Monday, August 31, 2009

Bove On Banks: Short-Term Bear, Long-Term Bull

From MarketBeat:
...The best news, surprisingly, comes with home equity lines of credit, where
many homeowners seem willing to pay “even when their homes might be upside down in value.” Big upside to the tune of 300%-500% earnings growth coming for
banks…but not until 2011-2015, Bove concludes....MORE

From Clusterstock comes a slightly more detailed version:

Bove: What Was All That Hysteria About Banks About?

...OK. So things are still a little bit on the eh-side, but give it some time,
and bank earnings will grow by 300% to 500% from 2011 to 2015, he says.

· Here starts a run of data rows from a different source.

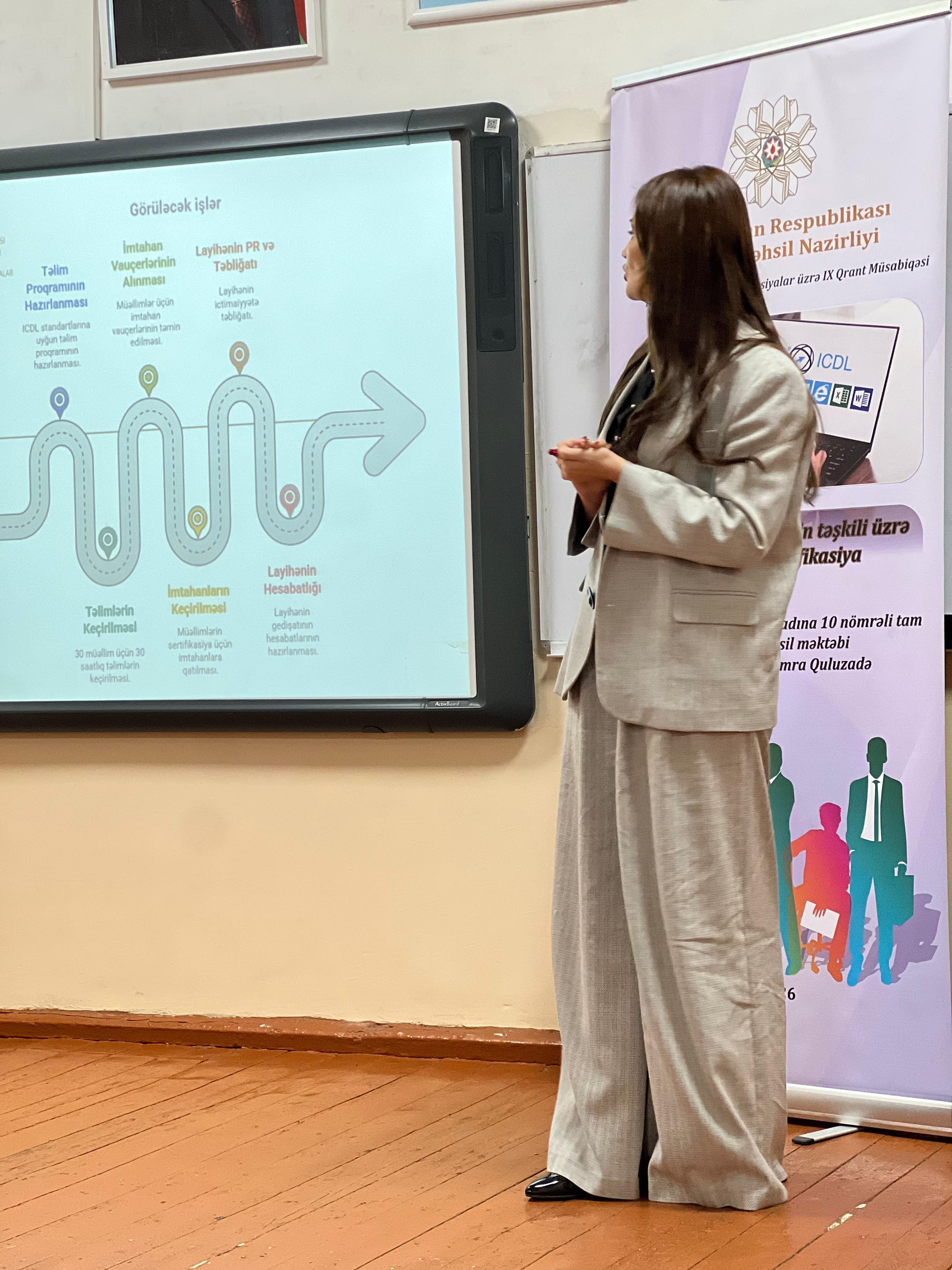 Qeyd edək ki, layihənin məqsədi ümumi təhsil məktəbinin 30 nəfər müəlliminə onlayn komanda işinin təşkili üzrə lazım olan bacarıqları qazandırmaq və onları beynəlxalq “ICDL Workforce Teamwork” sertifikasiyasına hazırlamaqdır. Xatırladaq ki, layihə 6 ay müddətində həyata keçiriləcək. Bu müddət ərzində müəllimlər təlimlərdə iştirak edəcək, daha sonra isə beynəlxalq “ICDL Workforce Teamwork” imtahanına cəlb olunacaq və imtahan nəticələrinə uyğun olaraq beynəlxalq sertifikat əldə edəcəklər. Beynəlxalq sertifikasiya imtahanı Təhsildə İnnovativ Texnologiyalar Əlavə Təhsil Mərkəzində (İTE) yerləşən rəsmi ICDL Authorized Testing Center-də keçiriləcək.
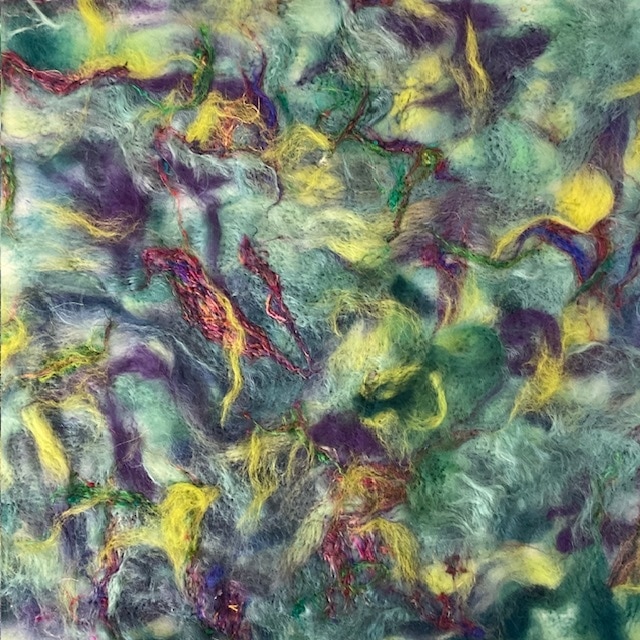 Het uitleggen is een heerlijk proces. Iedere keer een stukje “plukken” van de wol en op ondergrond laten dwarrelen. Speels, alles door elkaar en niet te strak.
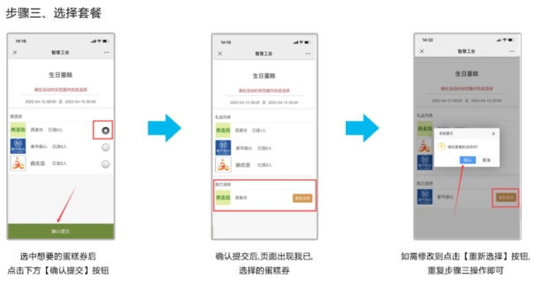 三、生日蛋糕店的选定方式:以分工会为单位(党群、机关分工会以工会小组为单位),会员须登录智慧工会平台就提供的三家蛋糕券平台进行自主选择(每位会员限选一家),选定时间为3月24日—29日,届时系统将自动关闭。具体操作步骤如下:
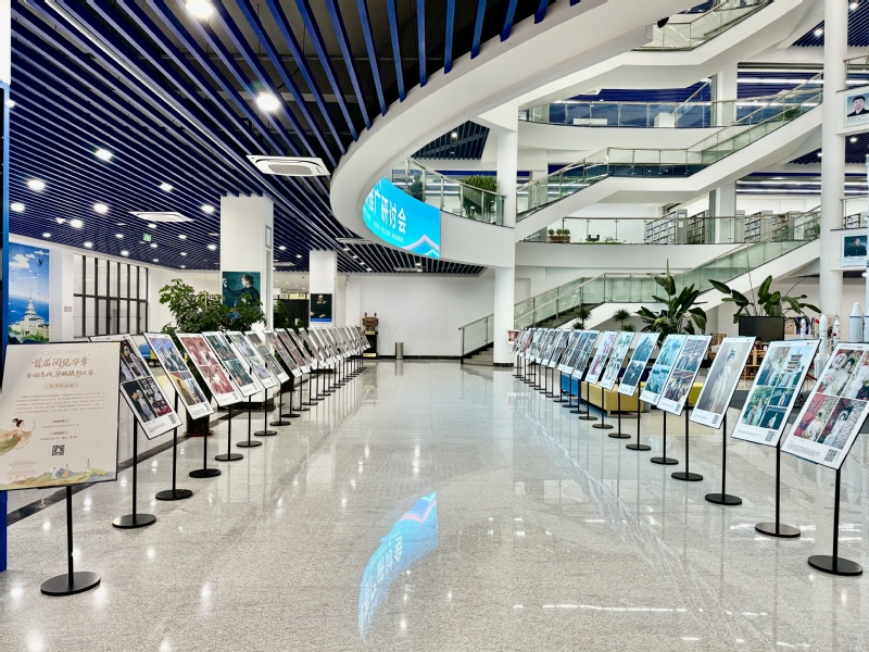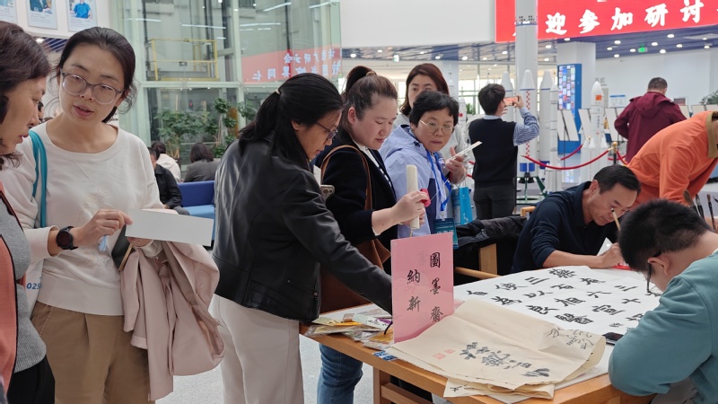 校区图书馆精心策划了系列特色文化活动,让考察过程成为兼具专业价值与文化体验的深度互动。部分代表与毛宏燕就阅读疗法的实践经验进行分享,与校区学子共同参与《非暴力沟通》深度阅读活动,在互动探讨中凝聚共识碰撞专业思路,围绕阅读疗法相关工作进一步深化交流。左国雄与中国石油大学(华东)副馆长陈银吨交流馆舍管理与创收等议题,山东药品食品职业学院馆长姜力源提议两校书画协会互访及书画展交流。左国雄为多所高校嘉宾创作书画作品,现场20余位代表排队求书签题字,部分代表咨询书画协会组织运营相关情况。综合档案室同步开展拓印活动,结合兰台驿社团纳新宣传,让代表们在参观图书馆和茶歇之余,亲手体验中国非遗传统技艺的制作环节,感受传统技艺魅力;阅途文化集团举办的“阅见华章”首届全国高校华服摄影展览,吸引了众多代表的驻足,为交流增添了浓厚的文化韵味。

“The swing factor in bank earnings has always been and will always be loan quality.
In recent years, the deterioration in loan quality has destroyed bank earnings
and management credibility. This pressure will continue through the remainder of
this year. By the second half of 2010, loan quality could begin to improve based
on an expected improvement in the economy and some signs that unemployment has peaked. Banks earnings will begin an unusually rapid climb at that time. The expectation is that earnings will grow by 300% to 500% from 2011 to 2015.”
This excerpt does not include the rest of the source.